Silencing of GRHL2 induces epithelial‑to‑mesenchymal transition in lung cancer cell lines with different effects on proliferation and clonogenic growth
Dr. Ling Cai is an Assistant Professor in the Peter O’Donnell School of Public Health, the Children’s Research Institute, and a member of the Quantitative Biomedical Research Center (QBRC) and the Harold C. Simmons Cancer Center at UT Southwestern Medical Center (UTSW).

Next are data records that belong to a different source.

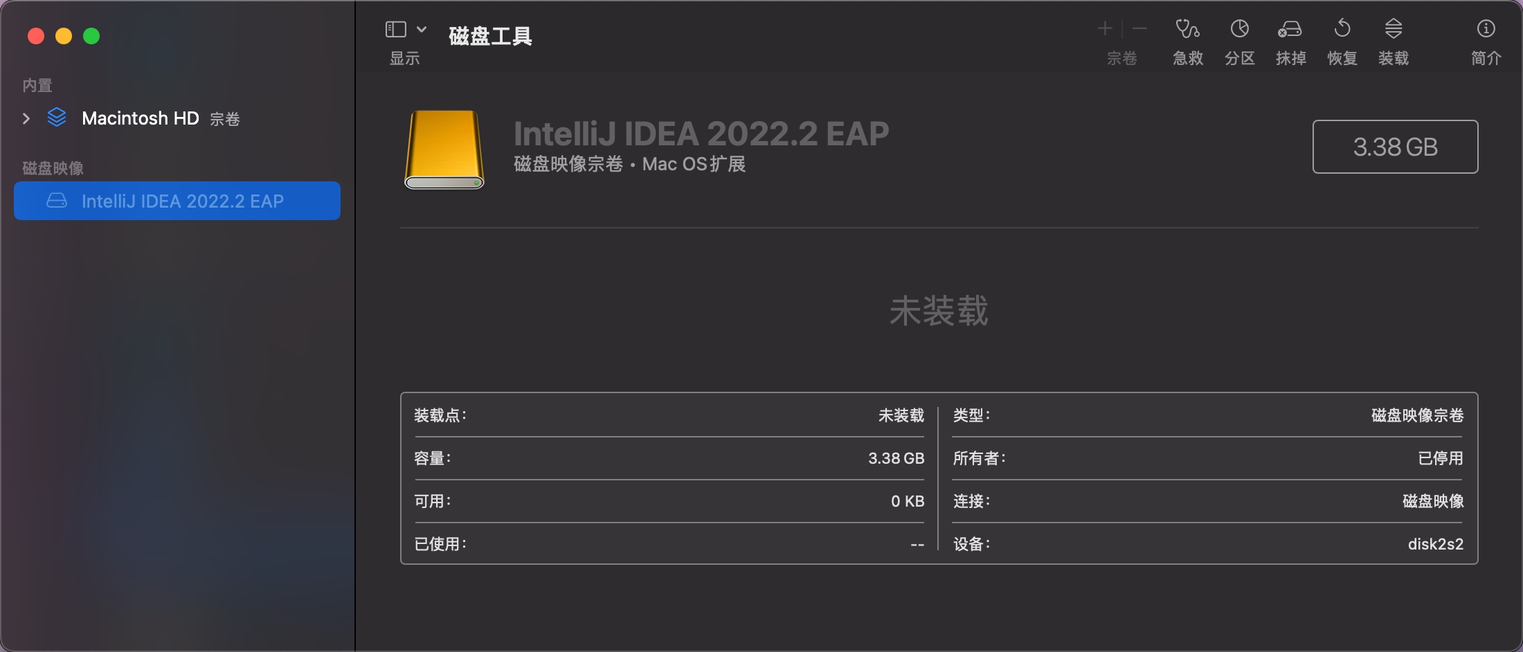 上图为系统版本与电脑型号,现在点击 dmg 安装软件无反应,桌面没有出现已经装载的安装文件,只会在磁盘工具中出现一个未装载的磁盘分区
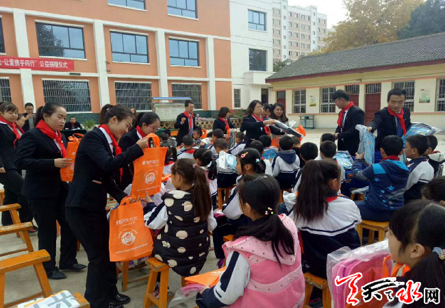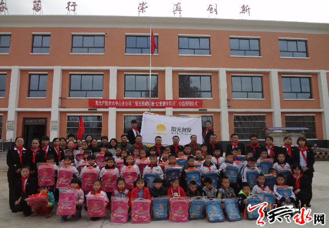 据介绍,天水市麦积区马跑泉镇颍川小学学生多为甘肃中车集团天水7452工厂的下岗职工子女,由于近几年天水7452造纸厂、啤酒厂效益差,营业状态趋于倒闭,好多下岗职工在家待业,无收入来源,个别贫困学生家庭甚至无力承担购买孩子所需的学习用品费用。阳光产险天水中支总经理王昌建获悉后,立即安排部署,抓紧落实购置捐赠学习用品,并组织公司全体员工积极参与,认真践行“分担风雨 共享阳光”的企业责任感。11月10日,“我是一缕阳光,温暖整个世界”公益捐赠活动在天水市麦积区马跑泉镇颍川小学拉开帷幕,天水市麦积区马跑泉学区校长马万林、主任蒲瑞琪,颍川小学校长袁存良,阳光产险天水中支总经理王昌建,公司员工及学生家长共120余人参加了本次捐赠活动。
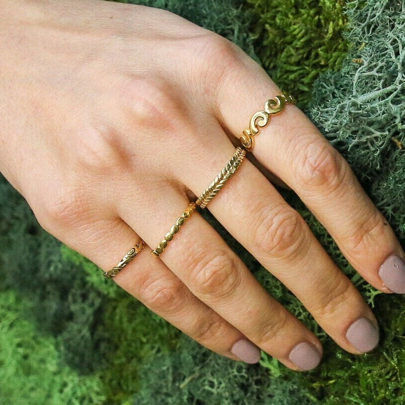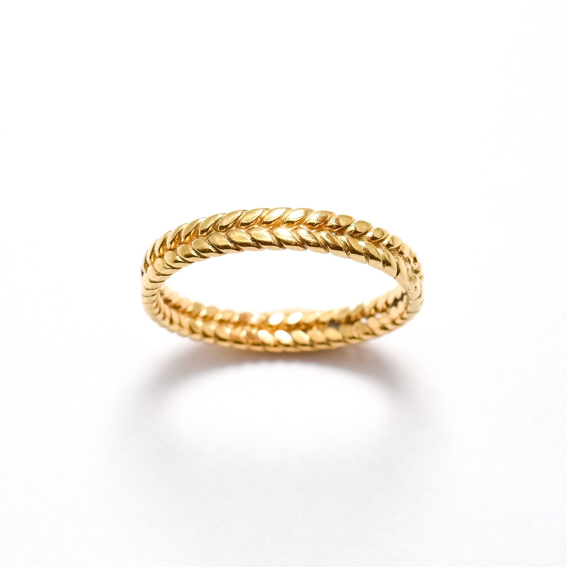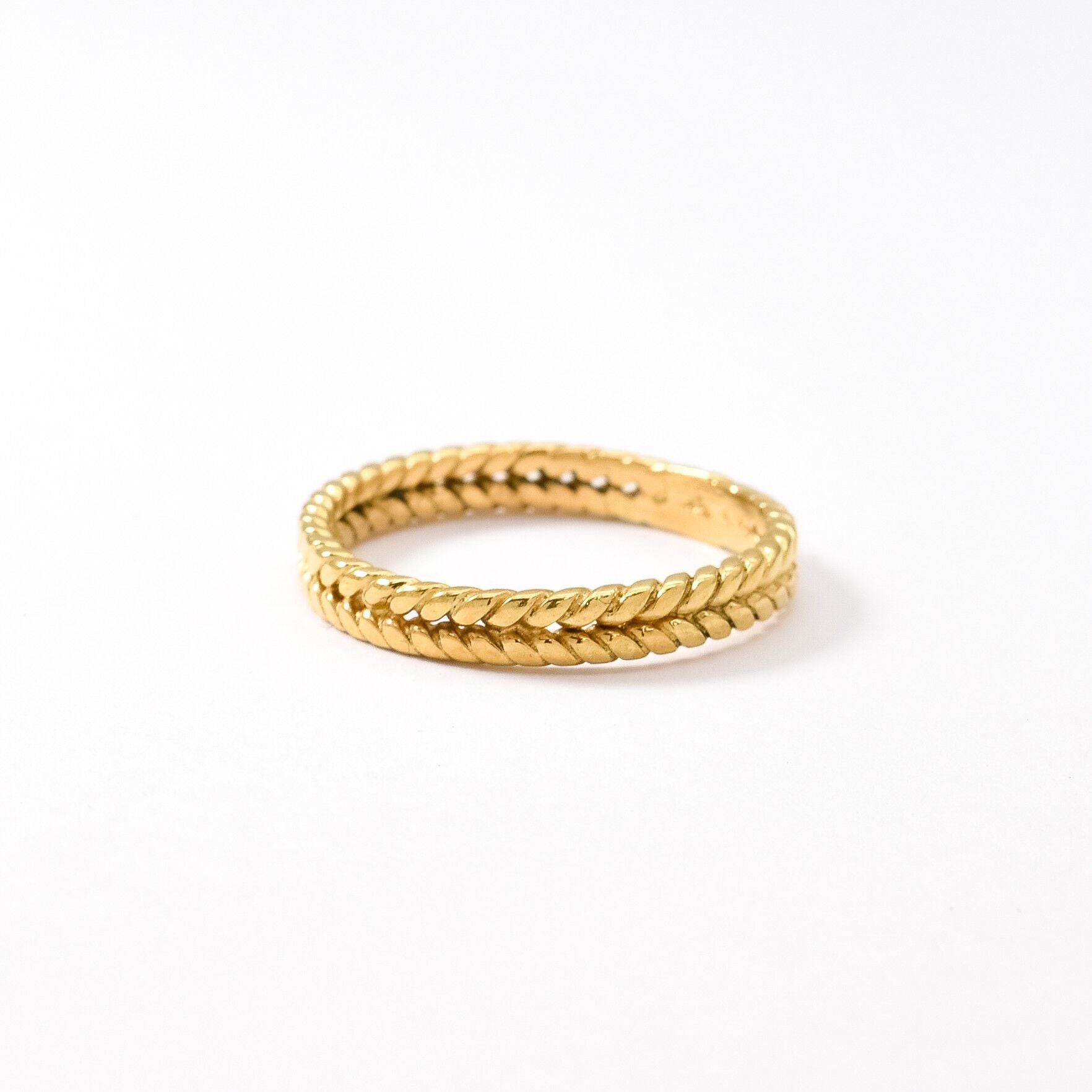 Small Braid Ring- Fishtail Gold Ring, Stackable Gold Ring

During her Ph.D. training in the Mechanism of Disease Track of the Integrative Biology Graduate Program at UTSW, she received comprehensive training in basic science, with a particular focus on cellular metabolism and disease mechanisms. This foundation has been instrumental in her research on understanding the intricate molecular mechanisms and metabolic pathways implicated in cancer development and progression. Her postdoctoral work focused on the integrated analysis of high-dimensional datasets from cancer metabolism research and developed various bioinformatics tools and databases for lung cancer research.
In her role as an Assistant Professor, Dr. Cai continues to delve into cancer metabolism and inborn errors of metabolism. Her research endeavors are centered around understanding the complex nature of tumors and the role of metabolic pathways in cancer and metabolic diseases. She is also actively involved in the creation and upkeep of data management and analysis systems specifically designed for lung cancer research.